This is a mirror of hologram-generic-ai-agent-vs/docs/agent-pack-schema.md, the canonical source of truth for the agent-pack.yaml schema. When the upstream file changes, refresh this page as part of the same PR (see update.md §10).

For the tour, start with the Agent Pack overview.

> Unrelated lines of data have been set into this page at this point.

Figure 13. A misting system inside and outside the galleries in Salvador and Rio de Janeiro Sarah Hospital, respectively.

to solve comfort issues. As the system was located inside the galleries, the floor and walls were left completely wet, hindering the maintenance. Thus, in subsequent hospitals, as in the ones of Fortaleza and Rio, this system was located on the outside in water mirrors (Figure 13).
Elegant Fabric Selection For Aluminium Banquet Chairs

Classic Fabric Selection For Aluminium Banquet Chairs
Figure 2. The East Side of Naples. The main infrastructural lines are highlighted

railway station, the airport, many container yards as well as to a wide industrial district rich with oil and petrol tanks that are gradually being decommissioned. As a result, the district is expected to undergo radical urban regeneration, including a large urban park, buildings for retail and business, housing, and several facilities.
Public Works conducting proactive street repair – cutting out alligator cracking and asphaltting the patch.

Agent packs make the AI agent chatbot fully configurable so the same binary can be reused for different conversational agents.

Goals

  • Single source of truth: prompts, welcome messages, flows, tools, MCP servers, RAG/memory settings, and integrations live inside one manifest.
  • Backward compatibility: if AGENT_PACK_PATH is not defined or the manifest is invalid, the application falls back to legacy environment variables.
  • Environment overrides: any string value can reference ${VAR_NAME} so deployments can override values at runtime.
  • Early validation: the loader rejects malformed manifests during startup and surfaces warnings.

Location and structure

agent-packs/
<agent-id>/
agent-pack.yaml # or agent-pack.yml / agent-pack.json

The service reads the path provided via AGENT_PACK_PATH. If not set, it defaults to agent-packs/ in the current working directory. Accepted filenames: agent-pack.yaml, agent-pack.yml, agent-pack.json.

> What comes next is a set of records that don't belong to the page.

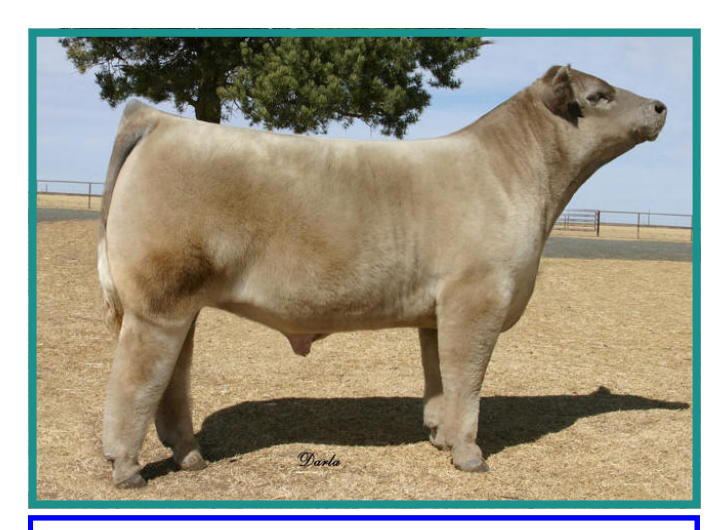
This steer will be used for high value cuts of meat. A steer is a castrated bull.
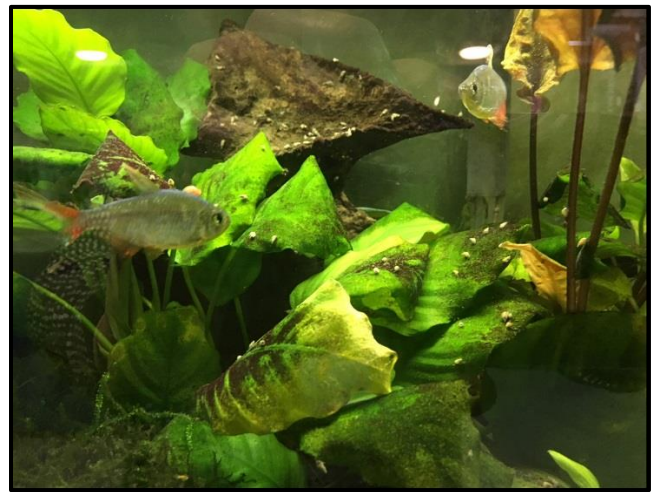
The Hobbyist Youth Best of Show was Ethan Skidmore from Tampa.
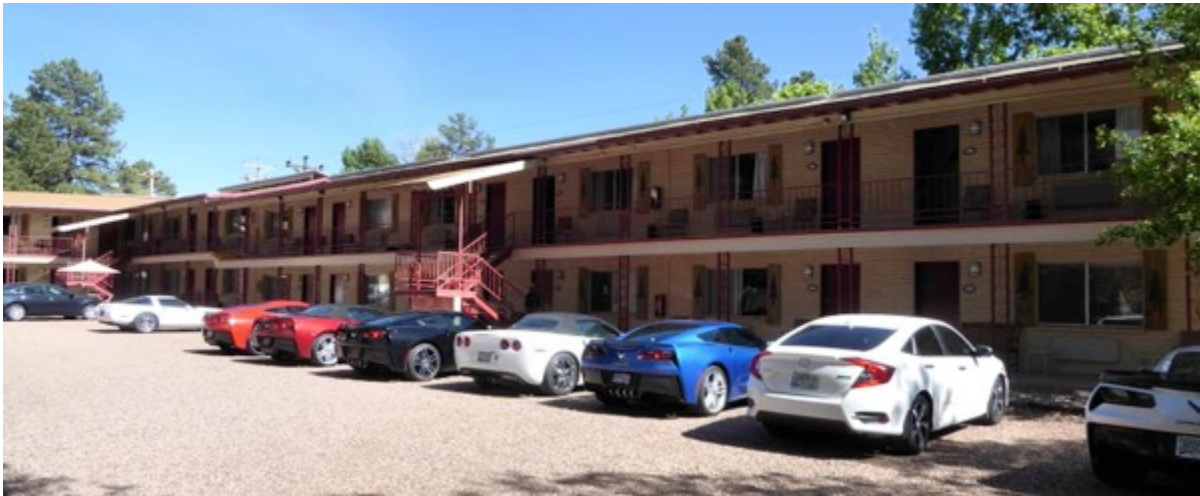
The gang's all here - at the Antlers Inn in Pinetop

Manifest fields (agent-pack.yaml)

FieldTypeRequiredDescription
metadataobjectnoAgent identifiers and descriptive data.
languagesmapnoPer-language prompts/messages (en, es, etc.).
llmobjectnoLLM provider and model parameters.
ragobjectnoRAG and vector store settings.
memoryobjectnoMemory backend and session window config.
flowsobjectnoWelcome, authentication, and menu behavior.
toolsobjectnoDynamic tool JSON and bundled tool settings.
mcpobjectnoMCP (Model Context Protocol) server connections.
imageGenerationobjectnoImage generation providers and MinIO storage.
speechToTextobjectnoSpeech-to-text (voice note transcription) configuration.
integrationsobjectnoExternal service configuration (VS Agent, DB, etc.).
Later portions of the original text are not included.